The Republicans have all but given up offering any substantive ideas for healthcare reform; they simply want to kill it and harm President Obama and the Democrats. At the same time, there are critical areas of disagreement among those who sincerely want to get the job done. Let’s explore some of those areas.
1. Level of subsidies
A main provision of healthcare reform is likely to be an individual mandate, requiring everyone who doesn’t have insurance to purchase it. Since healthcare is extremely expensive, this could cause serious economic hardship to low and middle-income persons unless they’re given sufficient financial assistance. Nothing would be worse than instituting a mandate only to force tens of millions of people into spending almost all of what little disposable income they have on healthcare. Olympia Snowe, one of two Republican senators actually negotiating in good faith with the Democrats, has made it clear that she will not support any package that doesn’t include generous subsidies. House Democrats are in almost universal agreement with this position; with midterm elections coming up in 2010, nothing would be more politically damaging than passing healthcare reform without adequate funding. However, the bill reported out of the Senate Finance Committee last week contained notably less generous subsidies than those in the House bill; the differences will have to be reconciled.

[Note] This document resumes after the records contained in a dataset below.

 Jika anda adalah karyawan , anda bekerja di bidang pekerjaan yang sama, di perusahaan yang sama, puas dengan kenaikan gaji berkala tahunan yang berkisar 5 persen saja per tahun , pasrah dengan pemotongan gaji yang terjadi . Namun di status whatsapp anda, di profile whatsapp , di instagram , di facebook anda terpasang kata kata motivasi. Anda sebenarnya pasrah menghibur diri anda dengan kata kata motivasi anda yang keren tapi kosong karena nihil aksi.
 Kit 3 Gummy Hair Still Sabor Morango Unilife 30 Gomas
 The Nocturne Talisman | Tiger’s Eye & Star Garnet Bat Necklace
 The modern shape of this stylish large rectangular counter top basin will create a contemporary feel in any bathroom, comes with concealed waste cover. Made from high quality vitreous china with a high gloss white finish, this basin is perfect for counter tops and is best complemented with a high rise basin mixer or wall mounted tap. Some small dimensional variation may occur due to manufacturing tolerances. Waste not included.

I would err on the side of generosity, both because of the equity issue and the politics; middle-class families should not be burdened with a new mandate that doesn’t come with completely, or almost completely, offsetting government assistance.
2. Total cost
Various numbers have been floated, ranging from $700 billion to $1.2 trillion over 10 years; but, as I have noted earlier, the cost issue is largely a sideshow. The difference between generous proposals and those that would seriously harm the purchasing power of tens of millions of Americans is in the range of $30-$40 billion a year, which is little more than a rounding error in the federal budget. Compared to the cost of the Iraq War, Bush’s tax cuts for the rich, and the Medicare prescription drug bill, the cost of insuring all Americans is cheap, and certainly reasonable. Those who, after the last eight years of profligate spending, have suddenly become “deficit hawks” only want to derail President Obama and the Democrats. Instead of complaining about the costs, they should be applauding how relatively inexpensive the proposals actually are (and the extent to which Obama intends to pay for most of it through cost-saving measures).

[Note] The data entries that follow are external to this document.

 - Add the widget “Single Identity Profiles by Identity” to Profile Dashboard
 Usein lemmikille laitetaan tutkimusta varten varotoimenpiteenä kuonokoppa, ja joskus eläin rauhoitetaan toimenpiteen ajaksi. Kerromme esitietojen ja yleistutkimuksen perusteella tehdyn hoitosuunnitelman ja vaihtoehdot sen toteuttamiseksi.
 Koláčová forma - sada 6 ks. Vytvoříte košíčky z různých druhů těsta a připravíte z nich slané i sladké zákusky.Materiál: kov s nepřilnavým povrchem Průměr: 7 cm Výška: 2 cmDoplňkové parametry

3. Competition across states
This issue doesn’t get as much attention as it deserves. As the law currently stands, states are in charge of regulating private healthcare insurance markets and residents are not allowed to shop across state lines. This has created a large number of state insurance markets that are highly concentrated, and in which residents have only one or two providers to choose from. The results are predictable: high insurance rates driven by monopolies and an inability to create large pools with greater bargaining power. Any serious effort at reform must include national pooling so that an individual in, say, California can buy a policy from any market in the country; this would go a long way towards increasing competition and bringing down costs. It is unclear whether such a provision will make it into a final Democratic bill, but it should.
4. The public option
No issue is more contentious than whether to allow the government to offer a Medicare-like policy which citizens could choose instead of the private insurance options. Proponents contend that a public option is the only way to keep private insurance companies honest, force them to reduce administrative and overhead costs, and ultimately “bend the long-term cost curve downwards”. The logic is compelling: public programs like Medicare and Medicaid have far lower administrative costs than private insurers, and can use their leverage to negotiate lower prices with hospitals and pharmaceutical companies (though Medicare is specifically prohibited from the latter under the terms of the prescription drug benefit).

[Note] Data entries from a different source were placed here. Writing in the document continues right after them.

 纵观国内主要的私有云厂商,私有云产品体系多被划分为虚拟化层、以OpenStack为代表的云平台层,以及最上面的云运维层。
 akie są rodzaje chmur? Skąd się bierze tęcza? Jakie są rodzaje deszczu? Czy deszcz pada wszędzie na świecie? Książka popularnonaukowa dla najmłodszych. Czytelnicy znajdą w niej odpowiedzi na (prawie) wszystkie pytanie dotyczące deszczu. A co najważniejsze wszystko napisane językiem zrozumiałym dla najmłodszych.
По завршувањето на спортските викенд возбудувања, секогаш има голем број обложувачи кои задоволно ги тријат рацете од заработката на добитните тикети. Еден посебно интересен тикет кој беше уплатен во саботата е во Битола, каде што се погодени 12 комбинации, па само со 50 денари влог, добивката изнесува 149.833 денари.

Opponents of the public option view it as a “Trojan Horse” on the way to a single-payer, Medicare-for-all system; they contend that a government-run plan would undercut private insurance because it wouldn’t have to operate at a profit, and would therefore drive private insurers out of business. Proponents counter that a public option that must operate strictly based on fees collected, absent government funding, would create a level playing field and would not have any unfair advantage.
Not all industrialized countries with universal coverage have a public option—some are single payer (Canada and the U.K.) while others (such as Switzerland) rely solely on competing private insurers. If private insurers are strictly regulated, almost like public utilities, a public option is not necessary to bring down costs. Without such regulation, however, a public option is necessary; private insurers have every incentive to maximize profits and find every means to keep costs soaring. Since it is unlikely that the Congress has the will to enact robust private insurance regulation, a public option will ultimately be necessary in the U.S. to bring down long-term costs.
Aside from the above issues, there is widespread agreement (even among many Republicans) on some core elements of healthcare reform—the elimination of exclusions for pre-existing conditions, the decoupling of insurance from jobs (i.e., a job loss would not mean the loss of insurance), hardship exemptions for the very poor and small businesses, caps on both the percentage of one’s income and total payments to insurance companies, and the need for universal coverage.
Reaching agreement on the last 20% will be difficult, but this is what politicians are elected to do. By Thanksgiving, probably, we will know if they are up to the task.